Erica Lucke Dean

"Making the world a better place, one book at a time."

the adventures of twitter girl

“Have you ever felt as if you were saving the world, one reader at a time?”

I was asked that question this evening by a fellow writer, and after taking just a minute to think about it…yes, I think might feel that way.

Sort of.

In the real world (a place I am frequently forced to visit) I do get requests for insight and advice with some regularity.  Usually things like…”how do you spell (insert word here)” or “should pick the red or the pink polish for my toes?” And I rise to the occasion like the superhero I am… “Go for the pink, it’s more flattering to your skin,” and “the S is silent in Illinois.”
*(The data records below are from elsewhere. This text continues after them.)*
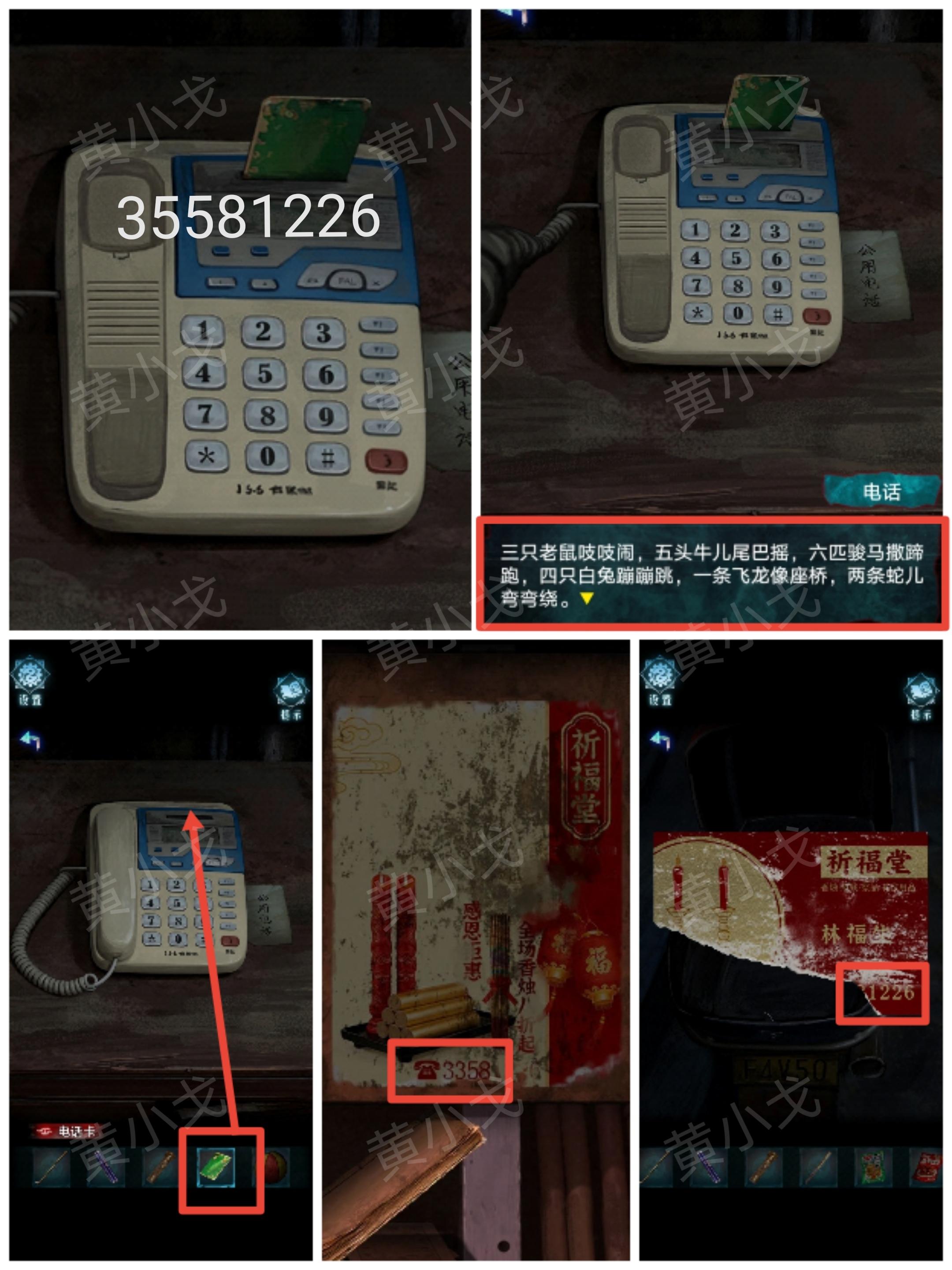 24.把【电话卡】插入电话机,根据电车后备箱里的传单和香烛店里的传单上的电话号码,拨打电话:33581226,获得线索
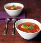 Помидоры, репчатый лук, корень петрушки мелко нарезать, спассеровать в масле, добавить отваренную вермишель, шафран и тушить еще 3 минуты. Добавить бульон, посолить и поперчить, вскипятить. Подавать суп с тертым сыром.
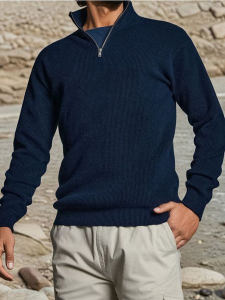 Prążkowany sweter – granatowy
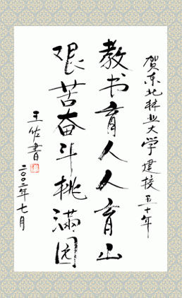 黑龙江省副省长王佐书为学校题词
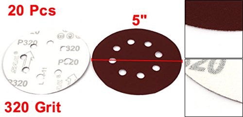 uxcell サンディングディスク 紙ヤスリ サンドペーパー 320 グリット 8 穴 125mm 直径 20枚入り
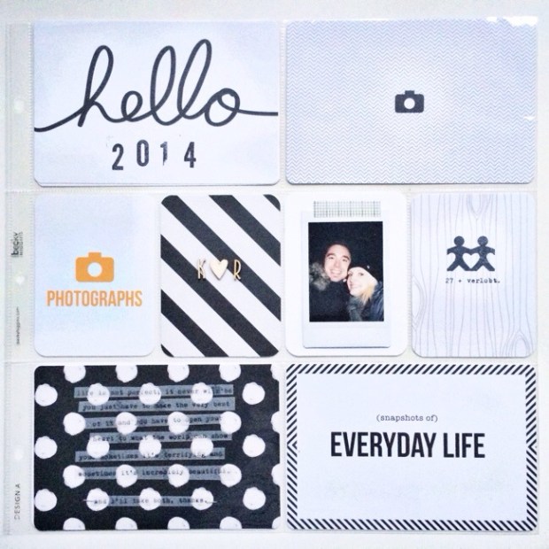Die Karten sind eigentlich alle von der Midnight Edition. Ein paar Sachen sind von Studio Calico Project Life Kits. Die beiden Figuren und die Jahreszahl ist gestempelt. Links unten habe ich dieses Zitat von Pinterest mit meiner Schreibmaschine abgeschrieben.
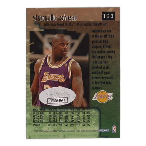 Shaquille O'Neal Signed 1996-97 SkyBox Premium #163 (JSA)
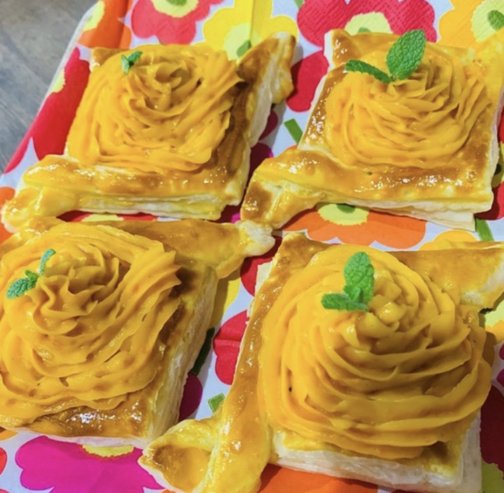 パンプキンパイ🎃 作りました✌️ パン屋さんで働いてたこともあるので、成形とかデコレーションは得意です👩🏻🍳🥖 カボチャを練って生クリーム混ぜて作ったよ〜💗 美味しくてすぐ無くなっちゃいました😭
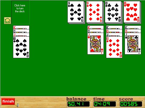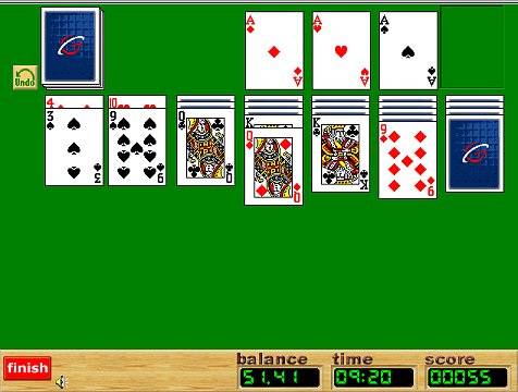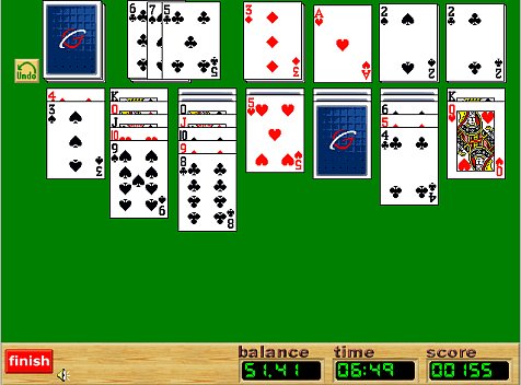 This game is a famous Klondike Solitaire. The object of the game is to use all cards to build up the 4 suit stacks in ascending order starting with the aces. As the game proceeds, the 7 row stacks on the bottom are build only as an intermediate holding place for eventual build-up of 4 suit stacks.
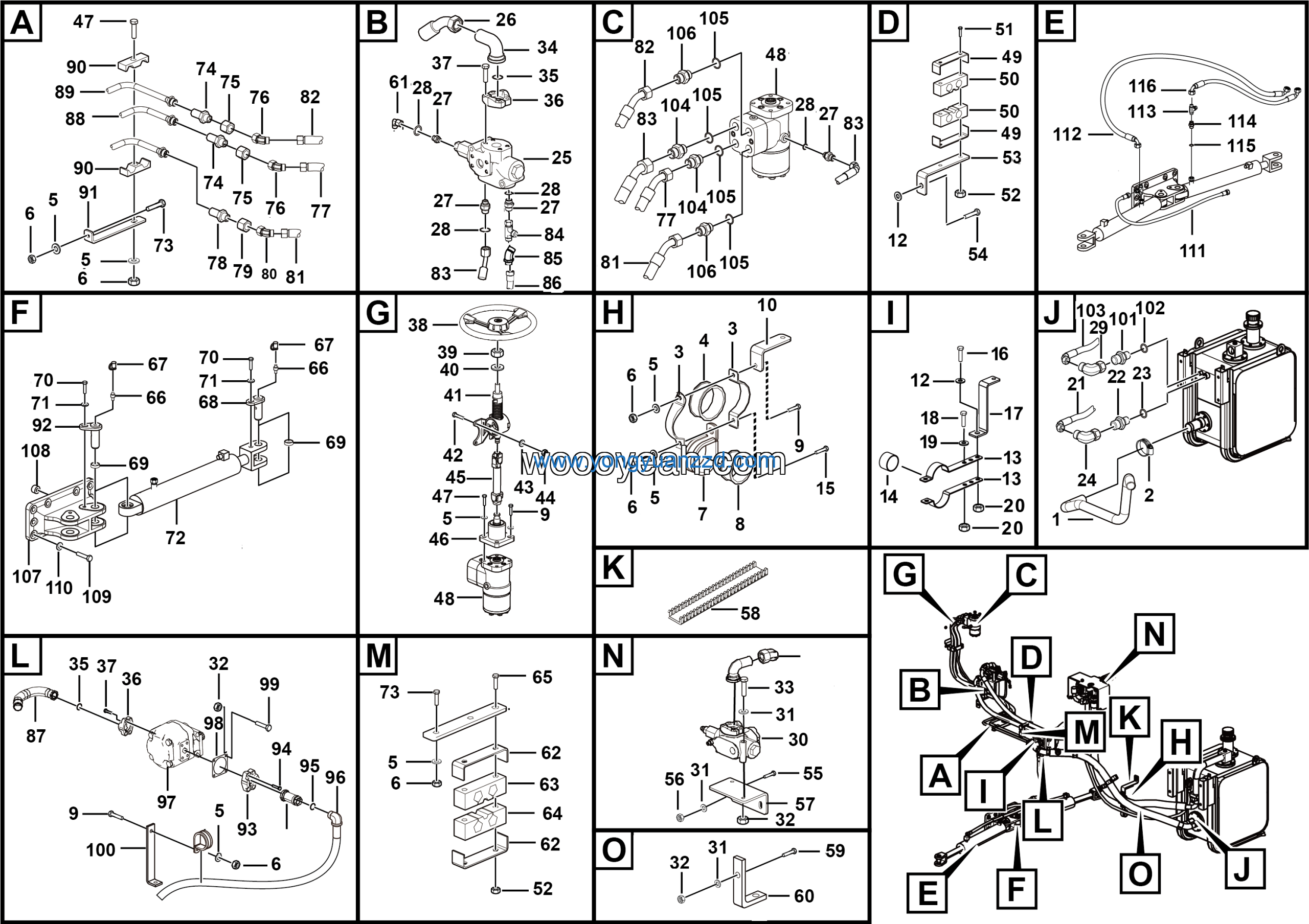 | 86 | Steering cylinder HSGL-80*45*390-700 | 4120001483 | 2 |

If you’ve been following my blog, you know I have recently become addicted to Twitter.  I have met several very nice, very eloquent writers there.  It really is like a trendy club where the cool kids get to hang out.  I might not be a cool kid yet, but I have definitely made the guest list for some pretty happening parties.  I even met a writer who has nicknamed me The Great Gazoo, after Fred Flintstone’s snarky Martian sidekick.  She said when she was stuck for ideas or ready to give up for the day, I was there with just the right encouragement, whether day or night…like Gazoo.  I like the comparison.  It makes me feel like a Martian superhero.  

As if I didn't already have delusions of grandeur, today I started a discussion group on the website for writers to share pages and critique each other.  The response has been amazing.  I now have my very own critique, or “critty” group.  I’m part of a club.  Just a bunch of cool kids hanging out to motivate and propel each other to greatness!  Yeah…superhero stuff right here.

So I tell my family how great I am, and how I need to go dig out that baby blanket the kids used to use as a cape and they just stare at me…mouths open like big fish…crickets chirping in the background, and ask me, “did you remember to wash my shirt?” 

I didn’t.

My cape is confiscated.  The big blue painter’s tape "T" is pulled from my shirt and I’m sent to the laundry room…back to the real world.